Comment 8 Neil Horman 2011-07-14 13:12:42 UTC

probably, I've seen that happen before, although I don't ever recall what the solution is.  Please let me know when the system is back in working order.

Comment 10 Neil Horman 2011-08-29 14:43:06 UTC

Robert, any luck gettnig the console on this system fixed?

Comment 12 Neil Horman 2011-09-19 15:31:00 UTC

have you tried 197?

I ran the 197 kernel all weekend for bz 734815 with heavy netperf traffic and encountered no errors at all.
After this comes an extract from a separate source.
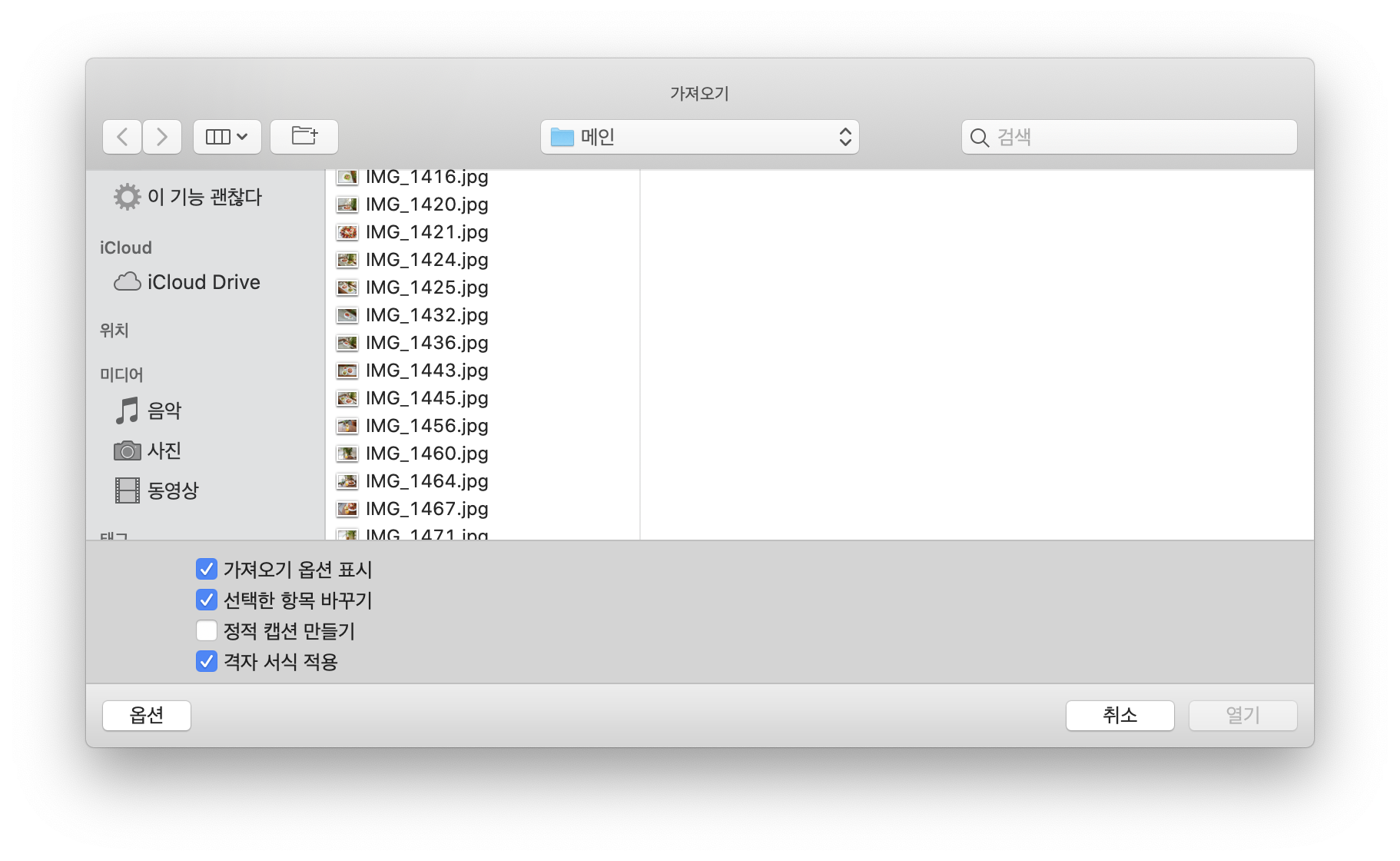 가져오기 옵션 표시

/me is starting to wonder if perhaps a bios update is needed on some of the systems in quesion

Comment 14 Robert Peterson 2011-09-19 16:37:14 UTC

I tried to recreate the problem with a newer kernel but ran
into other non-related issues.  I'll try it again when I get
a few spare cycles.

Comment 15 Neil Horman 2011-09-20 10:39:36 UTC

ok, copy that.

Comment 17 Robert Peterson 2011-09-30 20:29:17 UTC

With the latest RHEL6 kernel bits, I ran the test successfully
a bunch of times in a row without failure, so I'm going to
close this bug record.  I'm not sure which microcode patch
fixed the problem, but it seems fixed.  Sorry for the noise
and sorry it took so long to resolve.  Incidentally, I did my
testing on the 2.6.32-203.el6.x86_64 kernel.